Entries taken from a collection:
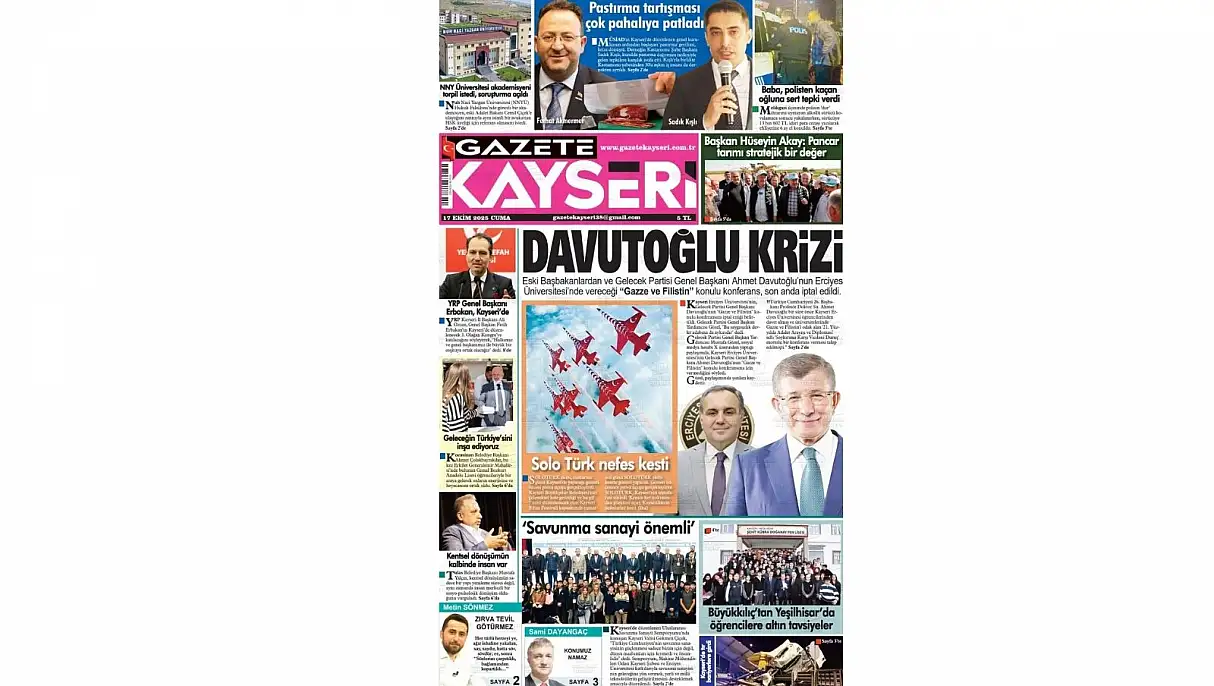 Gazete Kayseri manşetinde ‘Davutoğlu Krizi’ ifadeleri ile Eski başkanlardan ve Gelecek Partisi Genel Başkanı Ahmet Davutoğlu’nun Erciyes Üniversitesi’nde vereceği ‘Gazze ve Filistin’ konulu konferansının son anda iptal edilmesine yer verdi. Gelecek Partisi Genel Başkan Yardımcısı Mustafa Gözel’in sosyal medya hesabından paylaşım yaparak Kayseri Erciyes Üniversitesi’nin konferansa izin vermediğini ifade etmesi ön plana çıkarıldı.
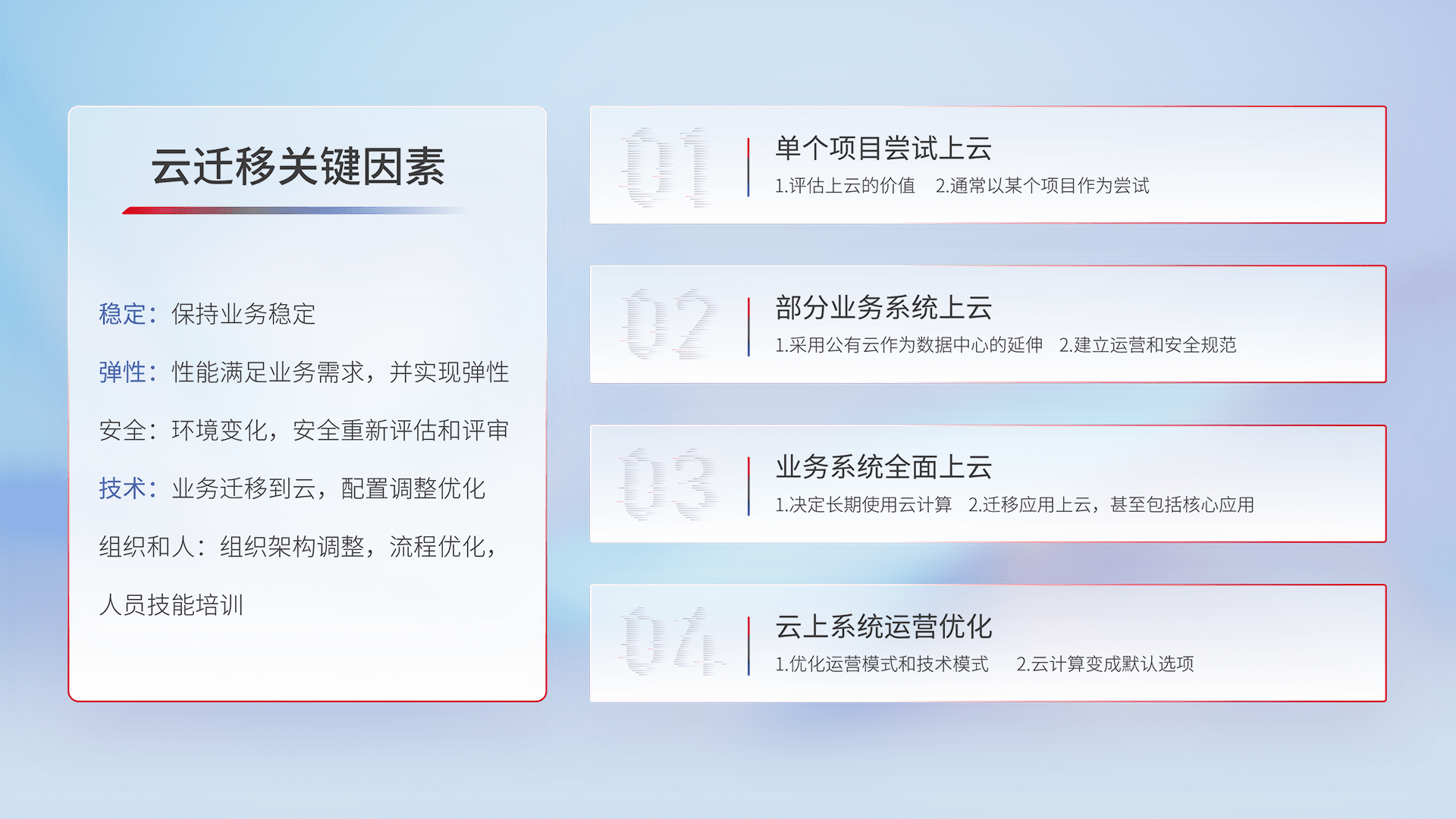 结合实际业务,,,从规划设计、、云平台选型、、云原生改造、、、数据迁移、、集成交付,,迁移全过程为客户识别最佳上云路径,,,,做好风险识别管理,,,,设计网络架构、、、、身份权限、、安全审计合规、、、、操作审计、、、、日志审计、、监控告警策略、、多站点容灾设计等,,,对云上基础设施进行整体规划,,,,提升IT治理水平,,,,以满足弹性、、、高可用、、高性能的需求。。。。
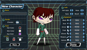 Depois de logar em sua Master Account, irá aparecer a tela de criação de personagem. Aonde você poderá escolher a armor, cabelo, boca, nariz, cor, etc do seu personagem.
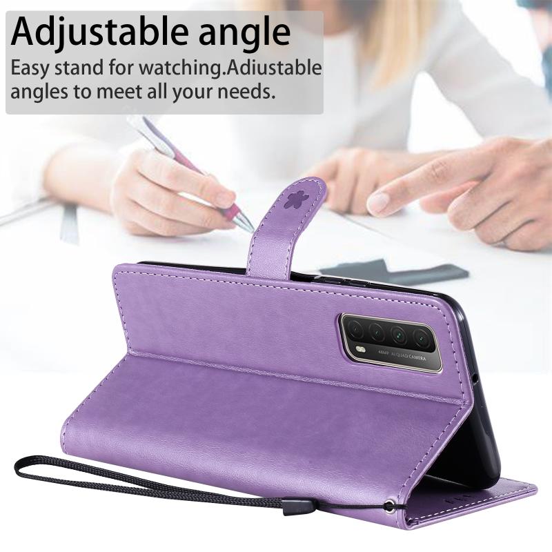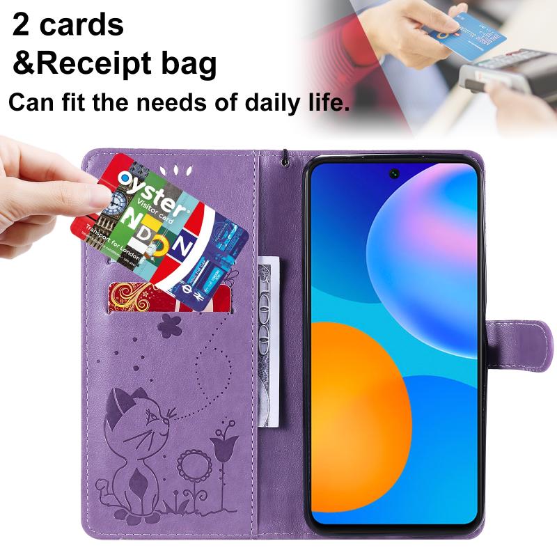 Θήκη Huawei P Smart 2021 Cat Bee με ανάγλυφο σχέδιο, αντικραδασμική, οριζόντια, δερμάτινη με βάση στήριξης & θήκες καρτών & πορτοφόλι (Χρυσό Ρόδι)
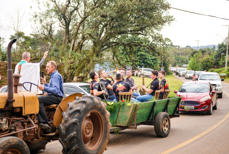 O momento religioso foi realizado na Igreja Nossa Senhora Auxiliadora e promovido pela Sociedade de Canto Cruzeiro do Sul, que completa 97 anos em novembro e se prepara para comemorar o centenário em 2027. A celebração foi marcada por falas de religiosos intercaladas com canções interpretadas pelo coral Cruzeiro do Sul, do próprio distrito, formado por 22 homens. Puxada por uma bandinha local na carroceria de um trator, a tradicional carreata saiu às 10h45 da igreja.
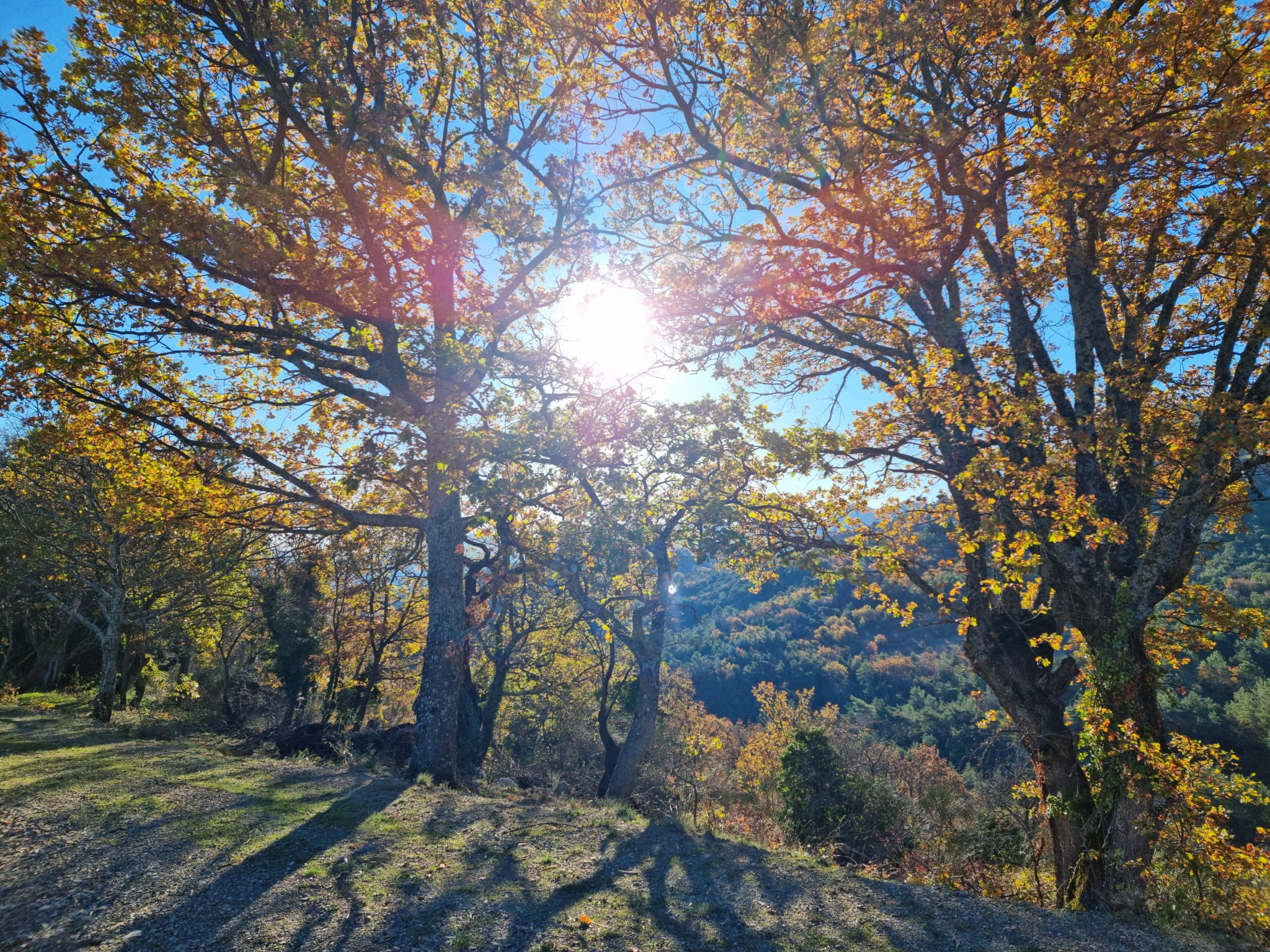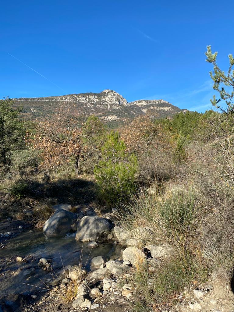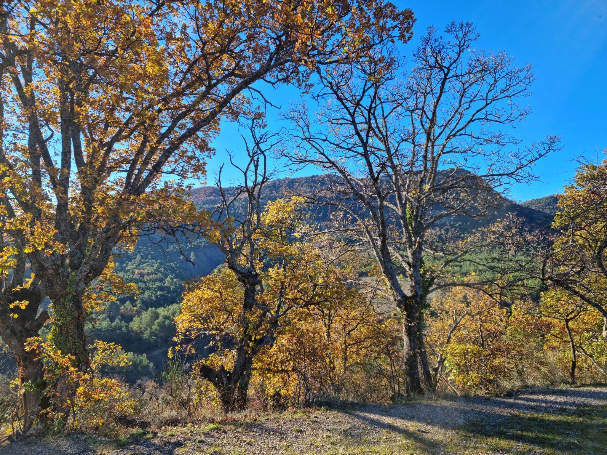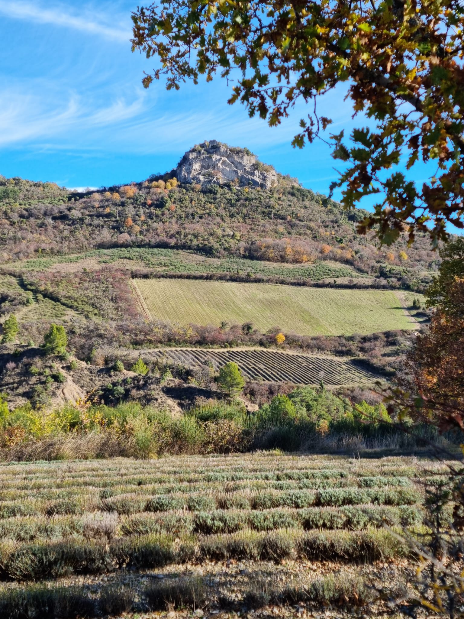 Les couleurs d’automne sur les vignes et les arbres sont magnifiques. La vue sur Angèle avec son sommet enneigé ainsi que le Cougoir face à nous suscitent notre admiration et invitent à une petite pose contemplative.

◆ Aim of the task
Exclude the images and reproduce the remaining data exactly.

◆ Result of this task
 Gazete Kayseri manşetinde ‘Davutoğlu Krizi’ ifadeleri ile Eski başkanlardan ve Gelecek Partisi Genel Başkanı Ahmet Davutoğlu’nun Erciyes Üniversitesi’nde vereceği ‘Gazze ve Filistin’ konulu konferansının son anda iptal edilmesine yer verdi. Gelecek Partisi Genel Başkan Yardımcısı Mustafa Gözel’in sosyal medya hesabından paylaşım yaparak Kayseri Erciyes Üniversitesi’nin konferansa izin vermediğini ifade etmesi ön plana çıkarıldı.
 结合实际业务,,,从规划设计、、云平台选型、、云原生改造、、、数据迁移、、集成交付,,迁移全过程为客户识别最佳上云路径,,,,做好风险识别管理,,,,设计网络架构、、、、身份权限、、安全审计合规、、、、操作审计、、、、日志审计、、监控告警策略、、多站点容灾设计等,,,对云上基础设施进行整体规划,,,,提升IT治理水平,,,,以满足弹性、、、高可用、、高性能的需求。。。。
 Depois de logar em sua Master Account, irá aparecer a tela de criação de personagem. Aonde você poderá escolher a armor, cabelo, boca, nariz, cor, etc do seu personagem.
 Θήκη Huawei P Smart 2021 Cat Bee με ανάγλυφο σχέδιο, αντικραδασμική, οριζόντια, δερμάτινη με βάση στήριξης & θήκες καρτών & πορτοφόλι (Χρυσό Ρόδι)
 O momento religioso foi realizado na Igreja Nossa Senhora Auxiliadora e promovido pela Sociedade de Canto Cruzeiro do Sul, que completa 97 anos em novembro e se prepara para comemorar o centenário em 2027. A celebração foi marcada por falas de religiosos intercaladas com canções interpretadas pelo coral Cruzeiro do Sul, do próprio distrito, formado por 22 homens. Puxada por uma bandinha local na carroceria de um trator, a tradicional carreata saiu às 10h45 da igreja.
 Les couleurs d’automne sur les vignes et les arbres sont magnifiques. La vue sur Angèle avec son sommet enneigé ainsi que le Cougoir face à nous suscitent notre admiration et invitent à une petite pose contemplative.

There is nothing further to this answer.